= YOUR INSTRUCTIONS =
Line for line, return the data exactly, omitting all pictures.
[DATA EXTRACT Boundary: Start]
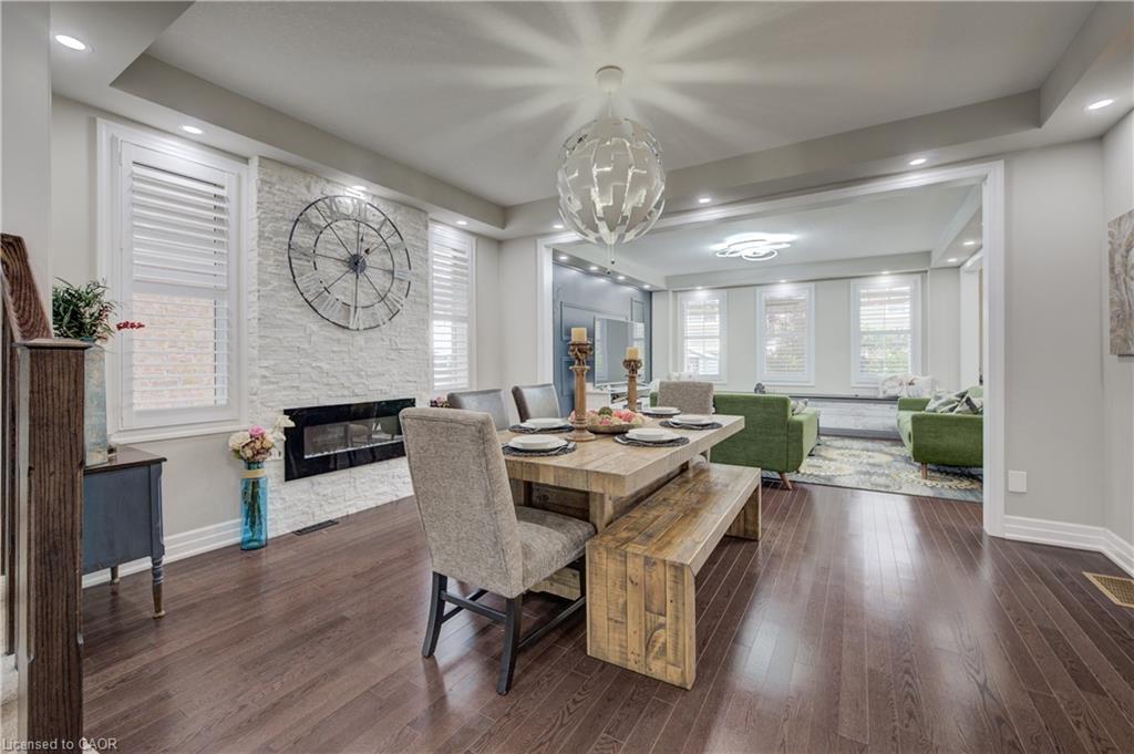 A SHOWSTOPPER ON THE INSIDE AND OUT. IMMEDIATELY EVERY BUYER WILL APPRECIATE THE EXTERIOR WORK THAT MAKES THIS ONE OF THE BEST IN THE NEIGHBORHOOD. Beautiful 4 Bedroom, 4 Bathroom Home with In-Law Potential Welcome to this spacious and modern family home offering 4 bedrooms, 4 bathrooms, and a versatile layout with in-law capability. The main level features an inviting open-concept design, highlighted by an electric fireplace feature wall in the dining room, a dedicated tucked away, cozy office space, and a seamless flow between the kitchen and living room. The stunning eat-in kitchen is a cooking lover’s dream, showcasing sleek dark cabinetry, stainless steel appliances, ample cabinet and countertop space, and room for a cozy breakfast table beside the sliding doors that lead to the backyard. Upstairs, you’ll find all 4 bedrooms conveniently located, along with a laundry area for added ease. The primary suite offers a generous layout with a walk-in closet and a luxurious 4-piece ensuite featuring a glass stand-up shower, soaker tub, and dual sinks. Two additional bathrooms complete the second level. The partially finished basement includes a second kitchen, with plenty of space to design a potential in-law suite, storage, or additional living areas to suit your needs.
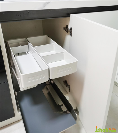 爐灶右下方做聯(lián)動拉籃,放調(diào)料瓶。
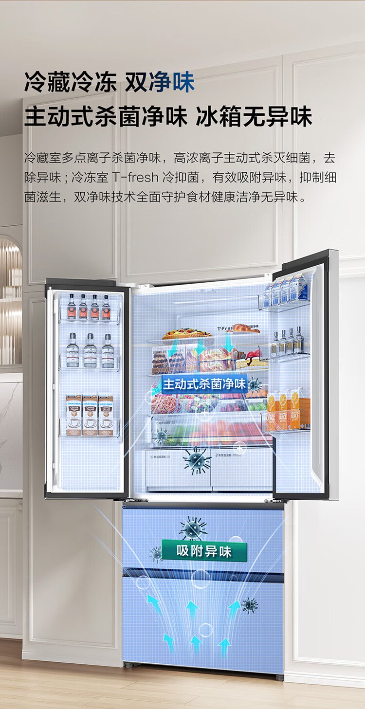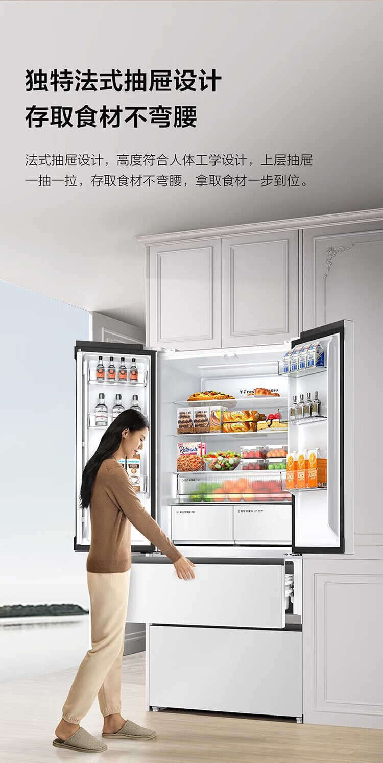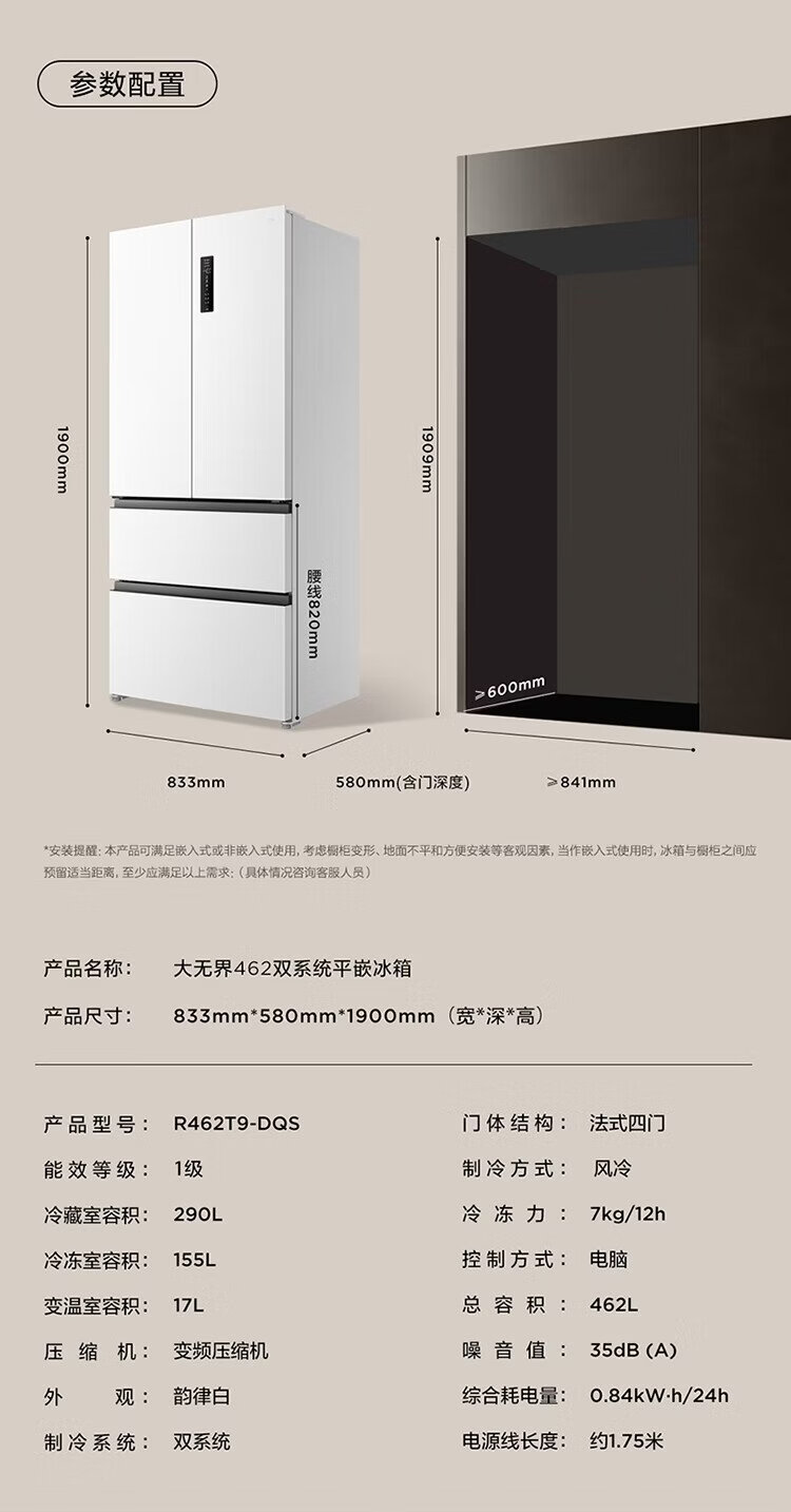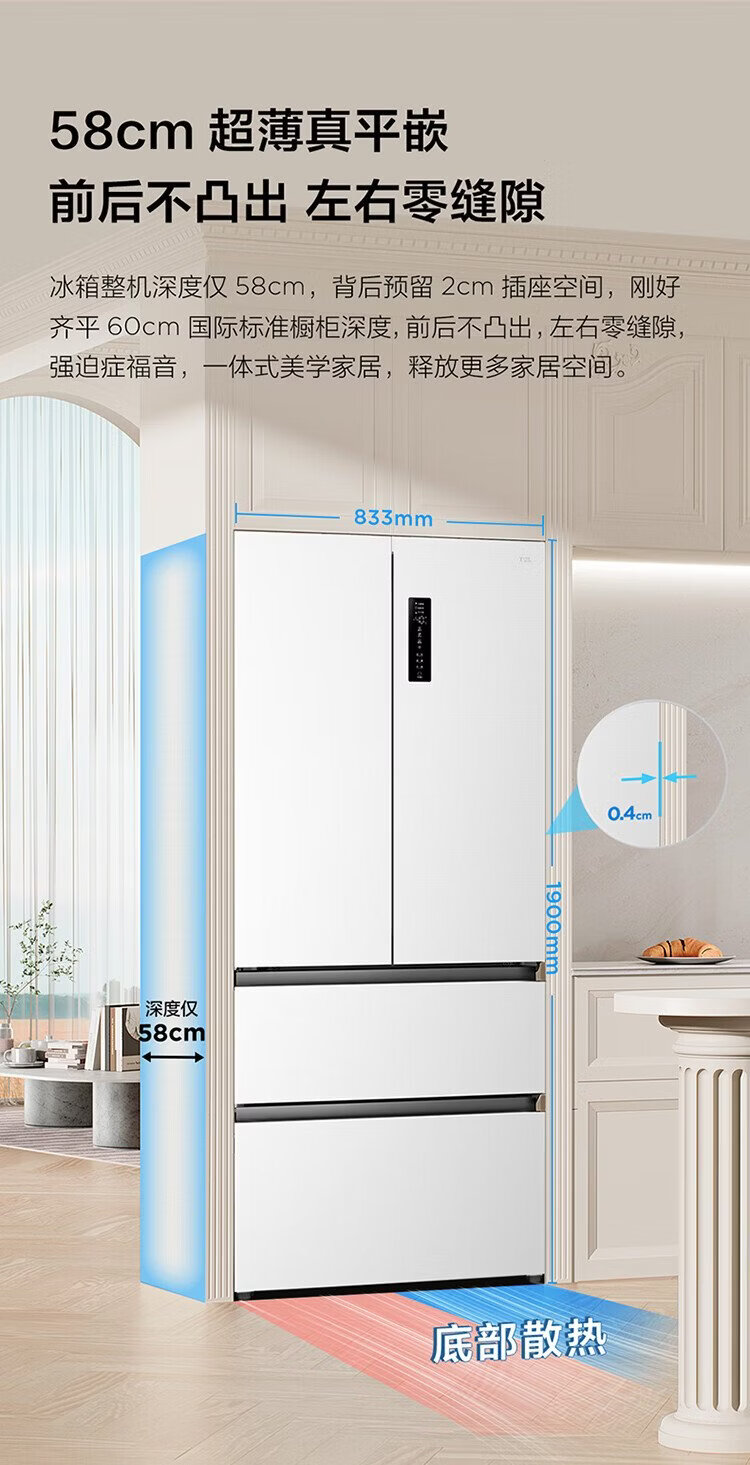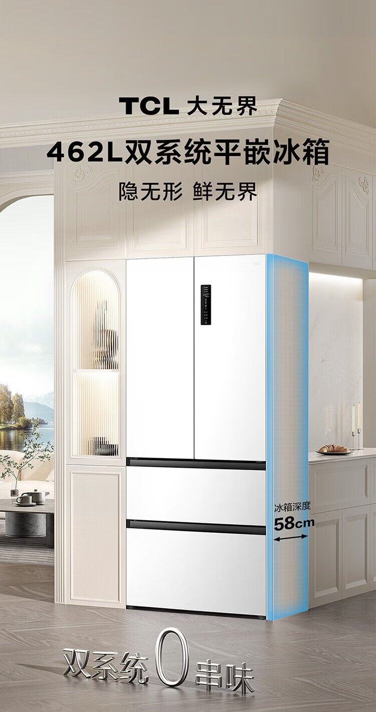 TCL Big Unbounded 462-liter T9 Pro French multi-door four-door 58cm ultra-thin zero-embedded dual system dual cycle household refrigerator first-class energy efficiency trade-in R462T9-DQS Rhythm White
[DATA EXTRACT Boundary: End]
= TASK OUTPUT =
 A SHOWSTOPPER ON THE INSIDE AND OUT. IMMEDIATELY EVERY BUYER WILL APPRECIATE THE EXTERIOR WORK THAT MAKES THIS ONE OF THE BEST IN THE NEIGHBORHOOD. Beautiful 4 Bedroom, 4 Bathroom Home with In-Law Potential Welcome to this spacious and modern family home offering 4 bedrooms, 4 bathrooms, and a versatile layout with in-law capability. The main level features an inviting open-concept design, highlighted by an electric fireplace feature wall in the dining room, a dedicated tucked away, cozy office space, and a seamless flow between the kitchen and living room. The stunning eat-in kitchen is a cooking lover’s dream, showcasing sleek dark cabinetry, stainless steel appliances, ample cabinet and countertop space, and room for a cozy breakfast table beside the sliding doors that lead to the backyard. Upstairs, you’ll find all 4 bedrooms conveniently located, along with a laundry area for added ease. The primary suite offers a generous layout with a walk-in closet and a luxurious 4-piece ensuite featuring a glass stand-up shower, soaker tub, and dual sinks. Two additional bathrooms complete the second level. The partially finished basement includes a second kitchen, with plenty of space to design a potential in-law suite, storage, or additional living areas to suit your needs.
 爐灶右下方做聯(lián)動拉籃,放調(diào)料瓶。
 TCL Big Unbounded 462-liter T9 Pro French multi-door four-door 58cm ultra-thin zero-embedded dual system dual cycle household refrigerator first-class energy efficiency trade-in R462T9-DQS Rhythm White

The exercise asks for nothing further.